Luke Robinson, recruiter MP for Scarborough and member of the Council of State, was in an optimistic frame of mind in March 1649. Although he was keen to escape the pressures of government in London which were affecting his health and longed to return to Yorkshire to establish himself in his constituency, he confidently informed his provincial supporters that the government was ‘serious’ about settling army arrears and disbanding the forces, and that stability would mean he would soon be in a position to return to Yorkshire. His optimism was premature and the ‘sweet and quiet peace which the Countie with the rest of the nation, hath enjoyed, through the blessing of God upon the Parliaments Councels, and their Armies endeavours’ was rocked by the potential invasion of ‘a Rapatious forreign Scottish Army, joyned with a Fugitive rabble of unnaturall Englishmen, endeavouring the mine of their mother Countrey, for the satisfying of thier own unbounded lusts’.

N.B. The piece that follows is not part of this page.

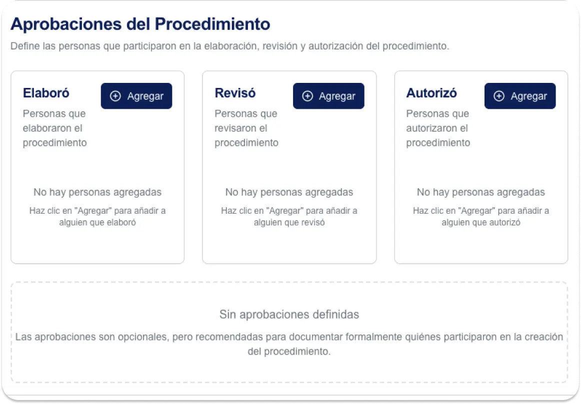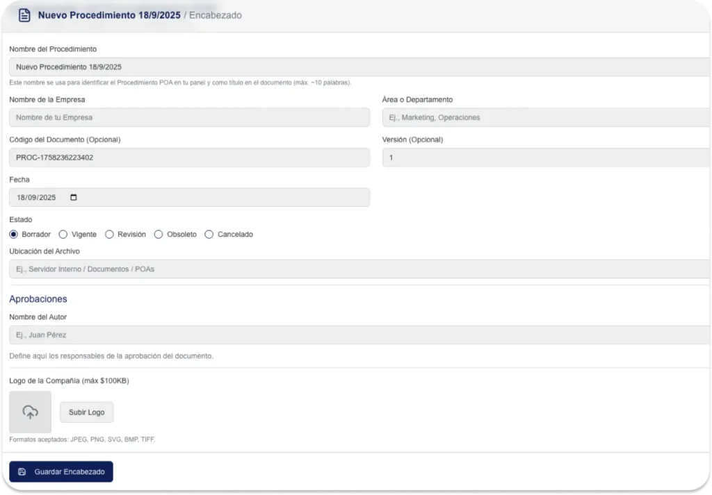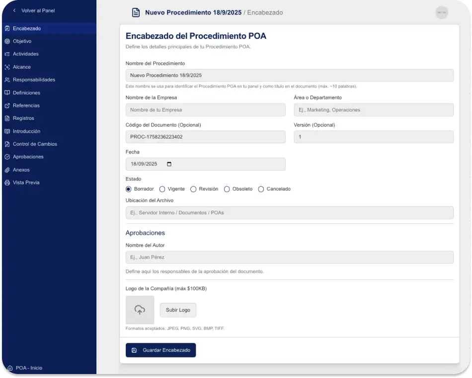 No, necesitas conocer tus procesos, nuestras preguntas guiadas y plantillas expertas te llevan paso a paso a crear procedimientos profesionales.

The sections of the population openly hostile to the Commonwealth regime were growing in number as people became disillusioned at a rate faster than the government could appease them. As such, the question of loyalty became paramount. The degree to which individuals were prepared to owe allegiance to the new government had ramifications throughout all levels of society and affected the ability to function of even the most lowly parish official. John Constable of Bury, Lancashire, caught drinking after hours and asked by the constable what the laws were, replied that he no longer knew, the laws ‘were new modelised [and] Cromwellysed’. The return to fundamental principles did not, in fact, involve reinstituting an ancient, native model of government which people could recognise as theirs, but instituted a form of government which was outside the English experience. The government tried to argue that it was an organically derived, participative state in which each individual made an informed decision to place him or herself under its protection and guidance, but that necessitated the people's recognition that they would participate and be protected. In order to build loyalty, the government had to repeat the traditional structures of allegiance, but to a revolutionary system which had arisen through political expediences which were difficult to justify.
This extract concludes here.